2. Let Go of Tales and Judgments
Bring to mind an instance that makes you anxious. What conclusions are you drawing from it? Recognize the judgment's presence as you name it. Permit the judgment to fade into nothingness. You are no longer in need of it. Release it. What narrative have you been telling yourself about the circumstance? Once you become aware of it, acknowledge it and allow the related story to fade as well. You can feel your mind pressuring you more to cling to those opinions or tales. Acknowledge and accept those thoughts as well, and now permit them to fade away.

3. Take Note of the Various Feelings
Now consider that circumstance once more without passing judgment or using the narrative you were giving yourself. How has the sensation changed? Has the degree of tension or worry changed? Consider the situation instead with complete interest.

4. Discover Your Next Move
Give yourself permission to be open to the clarity and direction of what the very next step for you to take is as we enter the silent portion of the meditation. Not the following five or ten steps, not the final few steps—just the next one.

5. Concentrate on the situation's reality
We often exaggerate our sensations of discomfort, worry, and stress by our evaluations of the stories we tell ourselves about a scenario. They have the power to exaggerate what is actually happening, prevent us from perceiving the reality of the situation, and prevent us from experiencing the ease and comfort we so desperately want. Hence, the next time you experience anxiety, keep in mind to breathe before you notice and realize your judgments about it and the events that led up to it. See how the anxiousness lessens as you allow them to fade away. Just now, pay attention to the situation as it actually is. Right now, you have everything you require.

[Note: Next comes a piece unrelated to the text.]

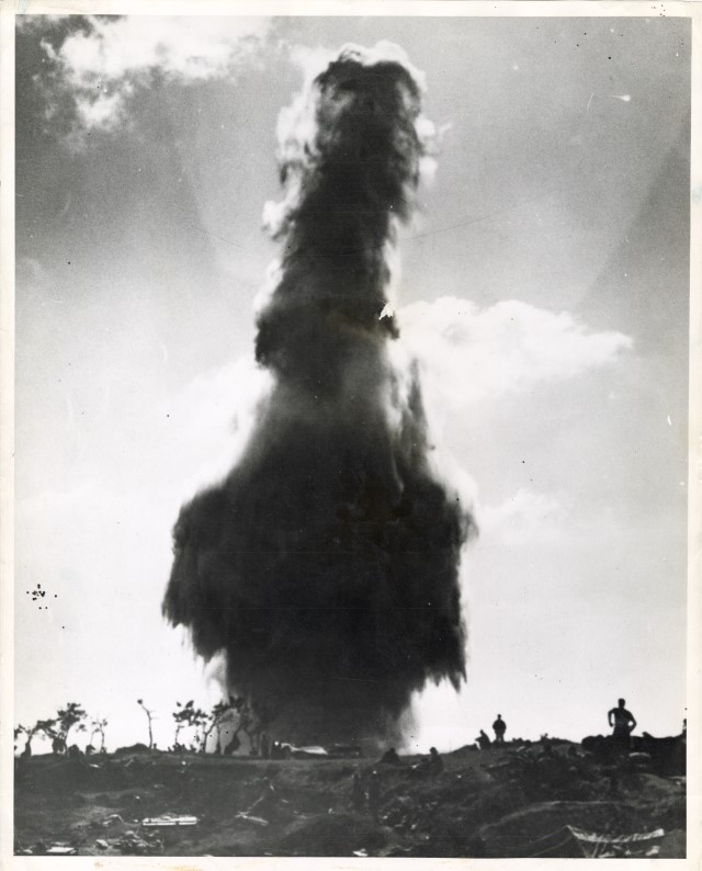 Incendio di un impianto petrolifero giapponese sull'isola di Okinawa nel marzo del 1945.

6. Continue to inhale deeply.
It's time to take three more deep breaths now that you've let go of any judgments and stories and identified the next move to make. If you become sidetracked, keep using your breath to bring yourself back to the present.
You can use this meditation as a potent strategy to quickly lower your anxiety. You can reduce discomfort and worry by putting aside opinions and anecdotes and concentrating on the reality of the circumstance. Never forget to take the time you need to concentrate yourself and achieve serenity.

Prayer for Anxiety:


I come to you with a heavy heart today to ask for your help in my life because I'm struggling with anxiety. I know that you are the source of control, peace, and calm, so I'm asking you to take away my worries.

Please bring me rest and life, because anxiety and exhaustion are too much for me to handle. I know how crippling anxiety can be, but I trust in your ability to heal and bring peace.

I ask you to take the worry off of me and give me lightness. I pray that I can find rest for my soul in you.

I talk back to the worry that has taken over my life. I throw it away and pray that it will never come back.

Please take away my anxiety and show me how to deal with it in the real world. May I see the truth about my life and my place in the world, knowing that I am strong and can get through this.

Lastly, I ask you to bless me and give me the strength I need to get over my anxiety and be an overcomer. May my trust in myself and my belief in my ability to get through things get stronger every day.

I appreciate your love, advice, and help.